Photonic Biosensors: Detection, Analysis and Medical Diagnostics

Photonics Group, University of York, York YO10 5DD, UK
Biosensors 2022, 12(4), 238; https://doi.org/10.3390/bios12040238
Submission received: 8 April 2022 / Accepted: 12 April 2022 / Published: 13 April 2022
(This article belongs to the Special Issue Photonic Biosensors: Detection, Analysis and Medical Diagnostics)

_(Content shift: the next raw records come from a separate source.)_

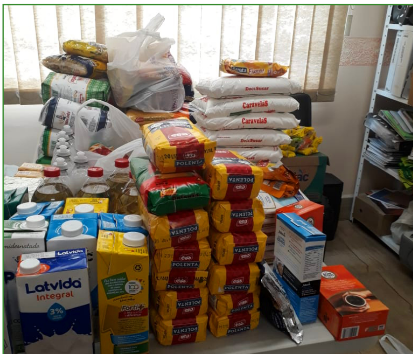
Foto 05 – Parte dos alimentos arrecadados em 2021/2.

instituição parceira do IFRS Solidário, abrindo caminho para a curricularização da extensão. Em 2021/2, os estudantes executaram uma ação para arrecadação de alimentos e elaboraram projetos para outras demandas do CEBRAS. Já em 2022/1, a turma pode conhecer as instalações do CEBRAS e levantar as demandas de forma presencial. Foram elaborados e executados dois projetos: arrecadação de recursos para melhorias da infraestrutura via PIX (Campanha 2+2) e mudanças nas redes sociais visando ampliar o número de pessoas que conhecem o trabalho realizado pela entidade. Em 2022/2 o trabalho está apenas começando, mas já foi realizado o levantamento de demandas reais para elaborar os projetos.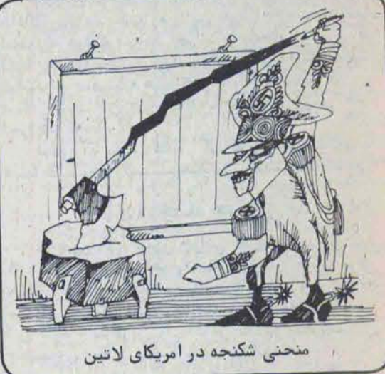
منحنی شکنجه در امریکای لاتین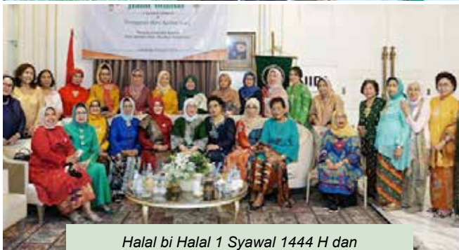
Halal bi Halal 1 Syawal 1444 H dan Peringatan Hari Kartini 2023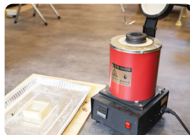
垂鉛を鑄型に流し込みます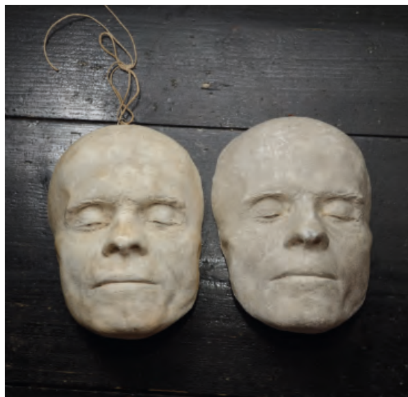
Gregorčičevo posmrtno masko je na mrtvaškem odru leta 1906 posnel Svitoslav Peruzzi, danes je razstavljena v pesnikovi rojstni hiši na Vrsnem. Hrani Tolminski muzej.

Še podrobneje je čez nekaj dni o pogrebu pisala Gorica, ki je med drugim poudarila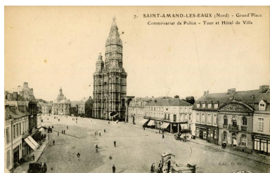
Vue générale de la place, côté est, hôtel de police, tour abbatiale et mairie (ancien échevinage), début du 20e siècle, carte postale (Musée municipal Saint-Amand-les-Eaux). IVR31_20135908071NUCA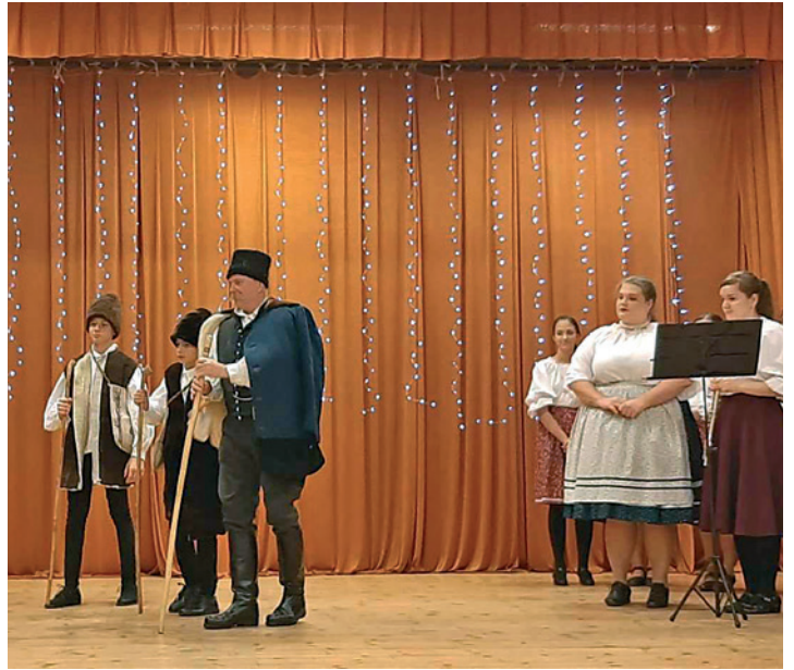
A Hagyományörző Egyesület betlehemes játéka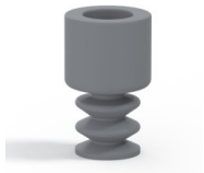
Variantenreferenz: 2 07NR A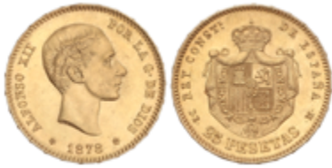
544 350 €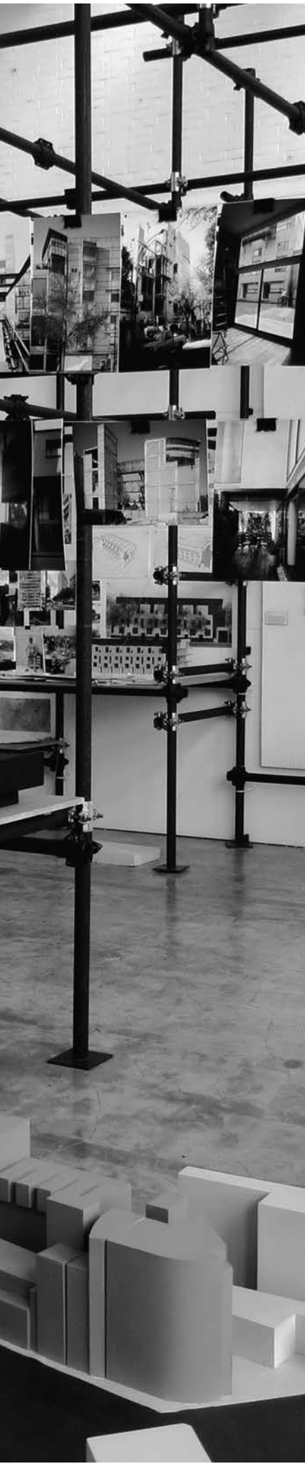
Obras de Javier Sánchez Corral. Galería Benlliure (FA-UNAM), 2014.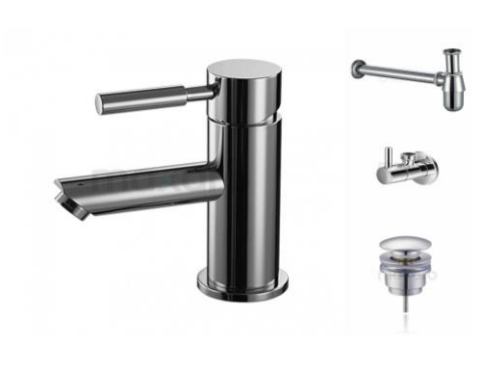
Varono Waschtischarmatur Serie Cinqua 55.003.561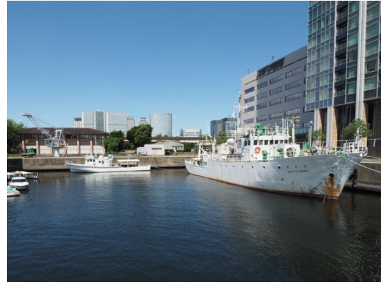
品川キャンパス内のポンドにつながる 練習船「青鷹丸」と「ひよどり」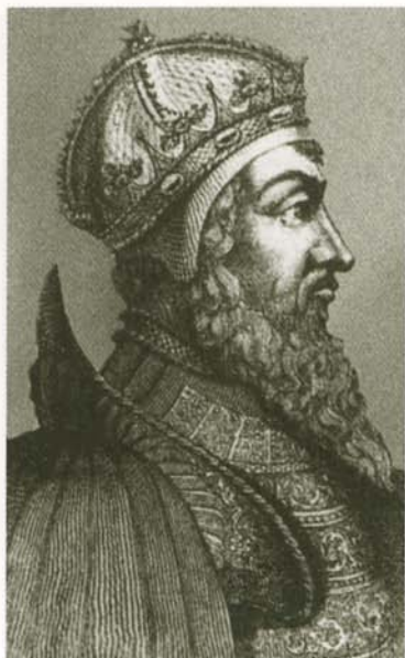
Польский король Сигизмунд II Август. Гравюра XVI в.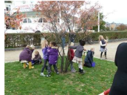
Børn fra børnehaver i indre by planter blomsterløg v. Lad Søerne Blomstre.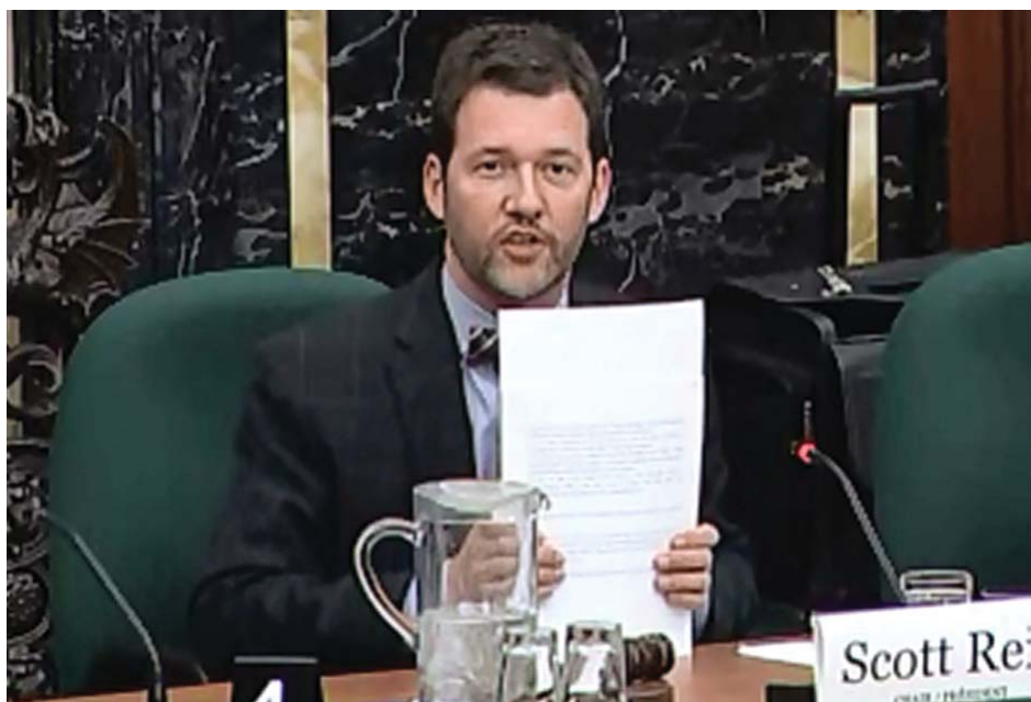
图：加拿大人权委员会主席、国会议员斯科特·瑞德

瑞德议员认为，活体摘取器官越来越引起人们的注意，这是一个明显的人权新案例，它正在变成一个越来越大的问题。他认为两位证人已经证明了他们提出的证据非常令人信服，他们已经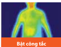
Bật công tắc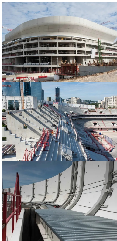
L'arena 92, et son couronnement de coques préfabriquées en béton de ciment blanc, réalisées par l'entreprise Jousselin (angers).

La partie immergée de l'ouvrage est complexe, car celui-ci est implanté au-dessus d'un véritable gruyère, et tient compte des futurs projets portés par l'Epadesa2 et RFF. Ainsi aujourd'hui, outre le passage en souterrain de l'autoroute A 14 au sud et au nord-ouest de la parcelle, le sous-sol sud-ouest est occupé par une usine de ventilation sur laquelle prend appui la superstructure de l'Arena ! Soletanche Bachy, qui a réalisé l'ensemble des travaux de fondations, a aussi modélisé et réservé le passage souterrain de la future ligne Eole. Le dimensionnement des 200 pieux, de 60 à 120 cm de diamètre, est fonction de la profondeur à laquelle ils prennent appui, jusqu'à 22 m pour les plus profonds, et des structures qu'ils supportent : gradins, voiles des bureaux, ou « pelouse » du stade. Les surcharges prévisibles, comme les spectateurs, et les aléas tels que le vent ont aussi été pris en compte pour leur dimensionnement. « Notre BE Structure a modélisé l'ensemble de l'opération afin de calculer tous les efforts point par point », précise encore le directeur des travaux. L'intervention de Soletanche Bachy a aussi porté sur la réalisation des parois de 20 à 25 cm d'épaisseur en béton projeté sur un treillis soudé et clouté de 6 à 7 m de hauteur, qui forme l'enceinte du sous-sol. Il comprend un niveau de parking de 480 places.

The necessity of personalised diagnoses and ad hoc treatments for individual patients is driving the outbreak of personalised nanomedicine in research and in clinical studies in the healthcare field. In this context, nanotechnologies are assuming a fundamental role due their ability to promptly diagnose a disease, its progression and aggressiveness, and their capability to define the most efficient drugs and treatments due to their continuous screening ability, making treatments less and less harmful for patients [1].
Together with the strong efforts to improve sensor performance, the demand to develop biosensors in low-cost and user-friendly technologies can no longer be neglected due to a forthcoming use of these sensing platforms in hospitals and clinics by healthcare workers.
Photonics biosensors have demonstrated their ability to combine high sensitivity, selectivity, and reliability together with real-time operation and strong integrability in cost-efficient solutions. Furthermore, the capability to integrate photonic biosensors with microfluidics and the compatibility of most of the photonic architectures and materials with electric readouts make them the most suitable candidates for the development of lab-on-a-chip systems to be integrated in point-of-care instruments [2].
The main goal of this Special Issue has been to address new technologies, materials, and configurations for photonic biosensors that can improve the sensitivity, accuracy, and precision of medical diagnostics. Novel biomedical studies have also been highlighted in this collection, i.e., for cardiovascular diseases and bacterial infections, which are now possible due to the technological progress and innovation that have been made in this field. Moreover, the strong demand for the integrability of the photonic biosensors in compact systems, which is playing a more fundamental role in many sensing applications, such as in wearable and implanted sensors, is becoming more evident.
The published articles, which are briefly described in the following section, cover these topics and make a strong impact in the biosensing field.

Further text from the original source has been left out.